> [Task directions]: What you return must be the exact lines of the material below, from the first through the one that has "Honda CR-V: Common", with no pictures and, please, nothing else.

> [Input data]:
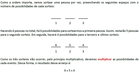 A ordem dos elementos selecionados será relevante para o arranjo, mas não para a combinação
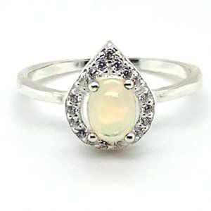 White Precious Opal .87ct Platinum Finish Solid 925 Sterling Silver Ring
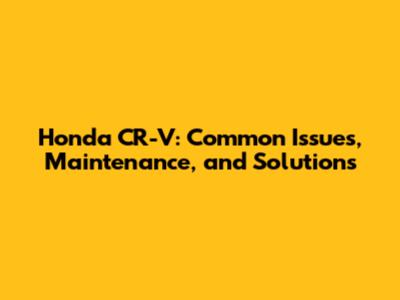 Honda CR-V: Common Issues, Maintenance, And Solutions
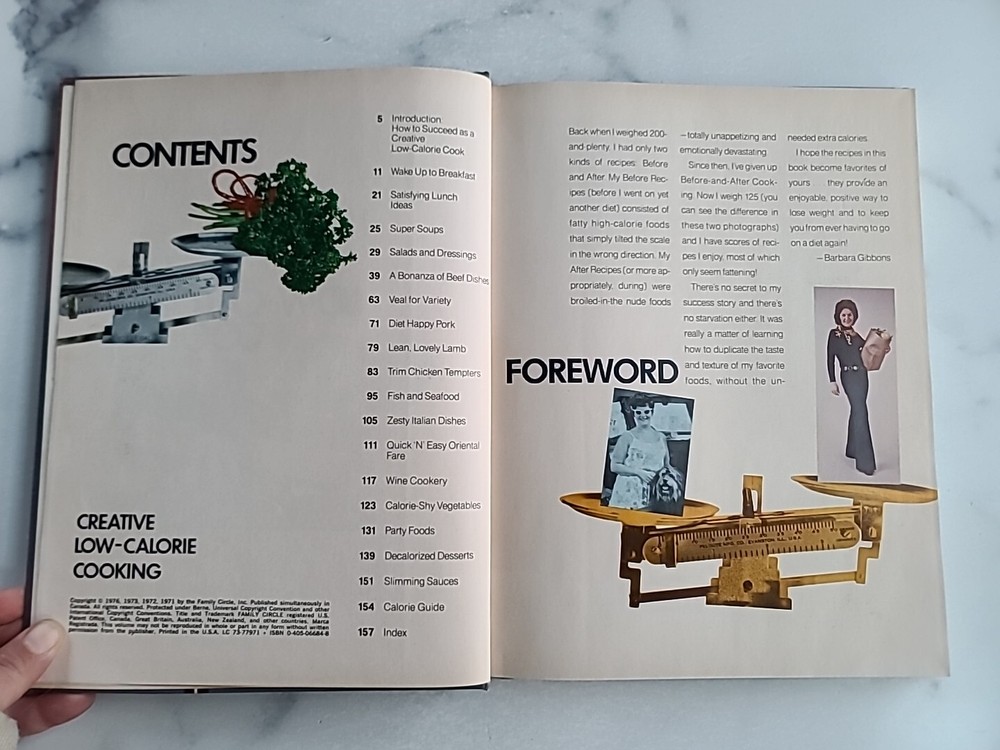 Family Circle Creative Low-Calorie Cooking Copyright 1977 Weighs 1 lb., 7.3 oz. Some yellowing around the edges of paper. Cover and binding show wear consistent with age. Some pages are dog eared. Some pencil on inside first page. No other writing found on inside of book. Please see photos. Sold as is. Priced accordingly. Does not include any props in photos. Please feel free to contact me with any questions you may have. Before you buy, please note that the items in my shop are pre-owned and may (or may not) have some signs of wear (scratches, scuffs, pulls, etc) due to their age. Any very noticeable defects or marks will be noted in the descriptions. Please read FAQs and store policies before buying. Thank you for shopping. LGB
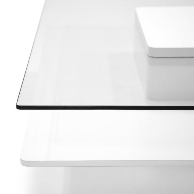La mesa de centro Clarion es la pieza moderna perfecta. Esta mesa de varios niveles presenta materiales contrastantes que crean interés visual y textura. El vidrio templado transparente compone la capa superior de esta hermosa mesa de centro, mientras que un blanco brillante rodea la capa inferior.
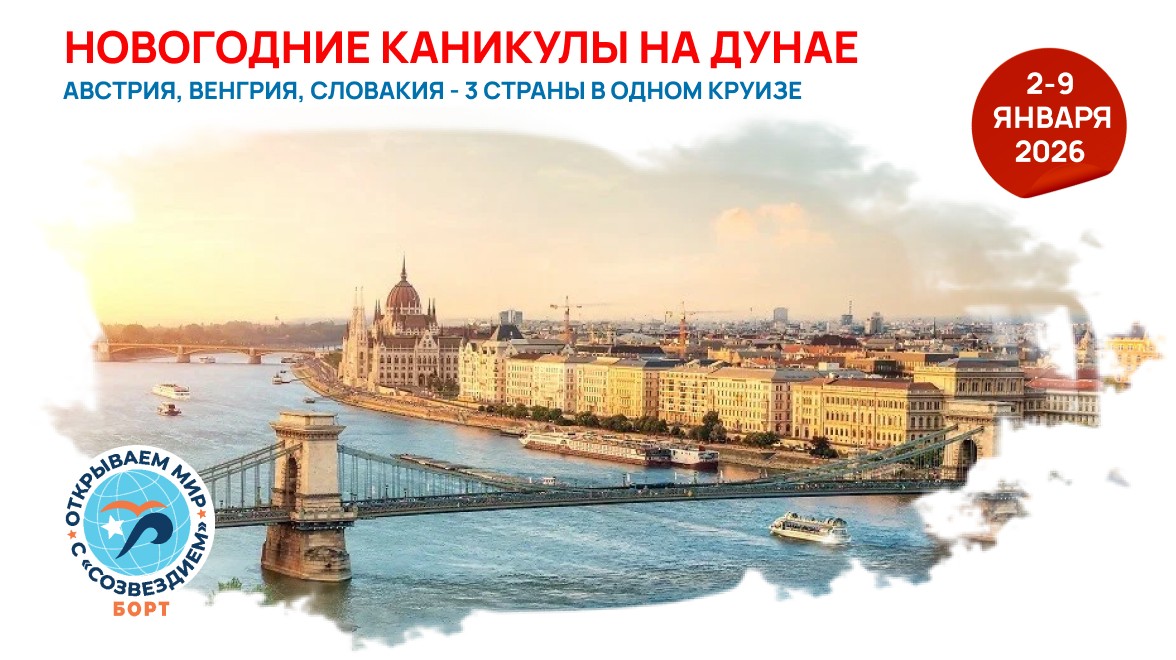 Со 2 по 9 января 2026 вас ждет речной круиз, в котором вы посетите 3 страны – Австрию, Венгрию и Словакию – за одну поездку. Программа круиза специально подобрана для легкости оформления шенгенской визы в Венгрию.
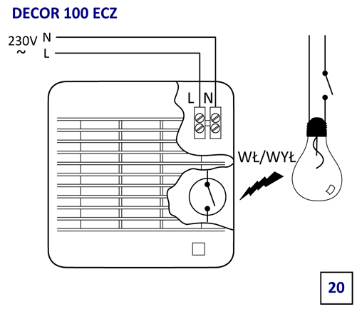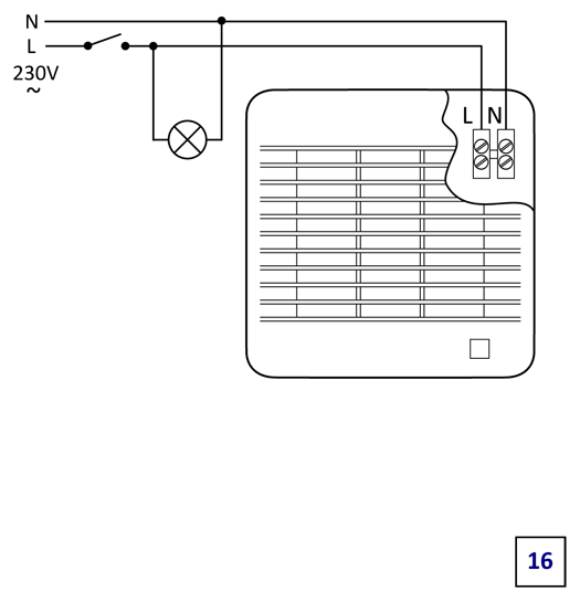 Gdy wentylator jest wyłączony, klapa zwrotna zapobiega dostawaniu się do pomieszczenia powietrza zewnętrznego i wydostawaniu się powietrza ogrzanego. Gdy wentylator działa, klapa zwrotna otwiera się, aby umożliwić wydajne usunięcie niechcianego powietrza.
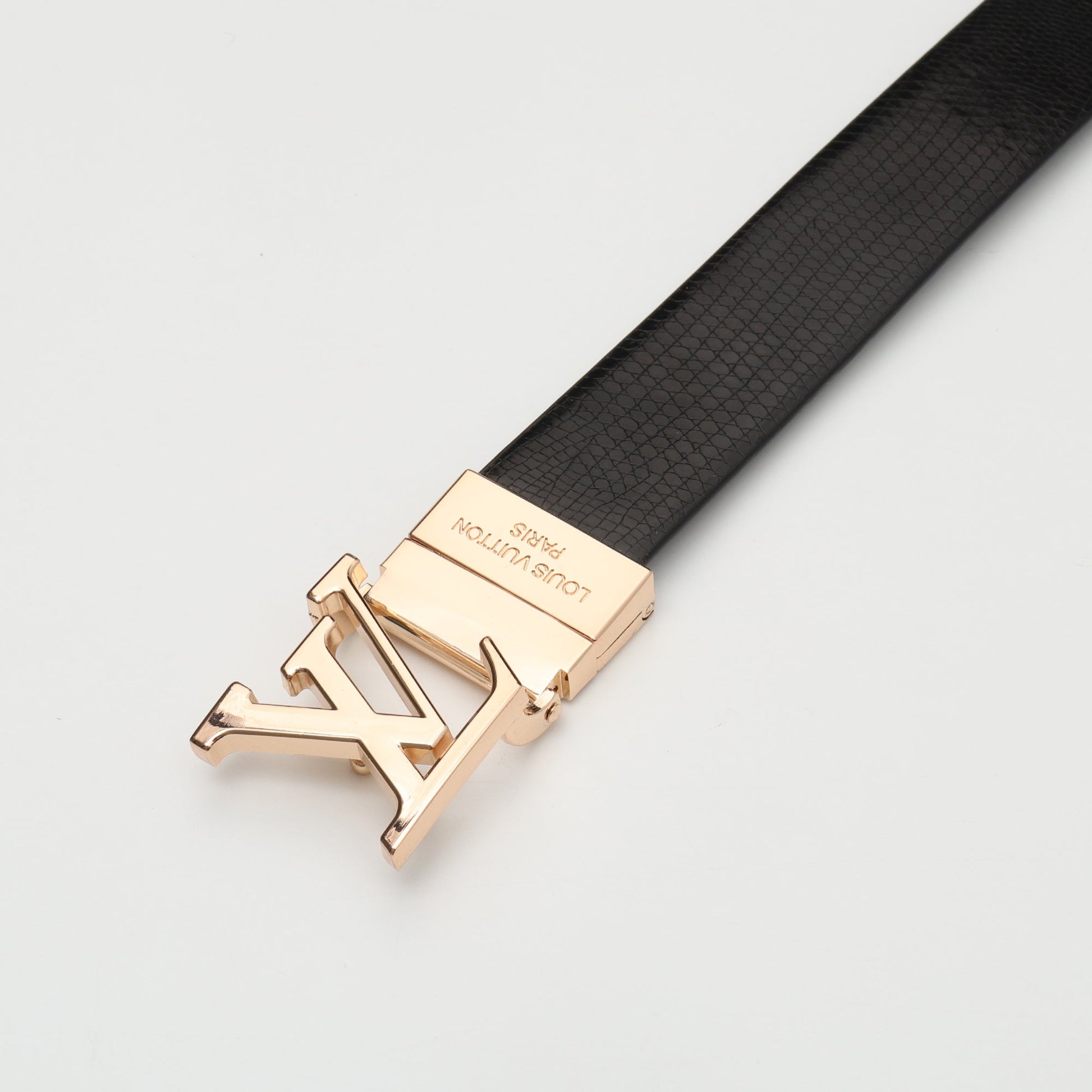 Command attention with this refined Louis Vuitton belt featuring a rose gold LV buckle against sleek black leather. Its luxurious tone-on-tone aesthetic adds instant polish to both formal and off-duty outfits.
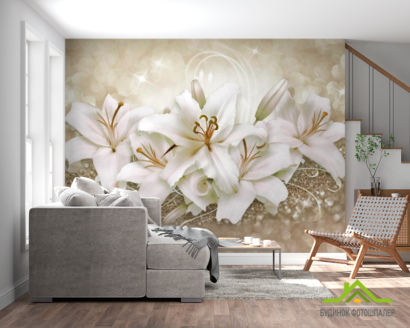 Фотообои Золотые лилии 3d Фотообои Золотые лилии 3d
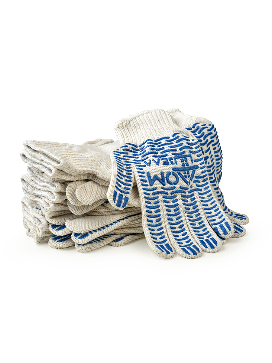 Материал дышащий, не вызывает аллергических pеакций. 10 класс вязки, 4 нити. ПВХ покрытие ладони в виде точек. Тип оверлока: автоматический, с использованием эластомерной нити.
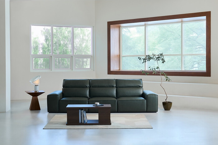 ‘비엔토 전체 통가죽 소파’는 부드러운 곡선과 간결한 실루엣이 돋보이는 미니멀 디자인으로, 형태와 기능의 균형을 고려한 제품이다. 헤드레스트는 높이에 따라 하이백과 로우백 두 가지 형태로 연출할 수 있으며, 높였을 때는 안정감 있는 착석감을, 내렸을 때는 시원하고 개방감 있는 분위기를 제공한다. 팔걸이는 자연스럽게 곡선 처리된 필로우 타입의 데이베드형 구조로 설계되어, 기대었을 때 더욱 편안한 휴식을 제공한다.

> [Your solution]:
 A ordem dos elementos selecionados será relevante para o arranjo, mas não para a combinação
 White Precious Opal .87ct Platinum Finish Solid 925 Sterling Silver Ring
 Honda CR-V: Common Issues, Maintenance, And Solutions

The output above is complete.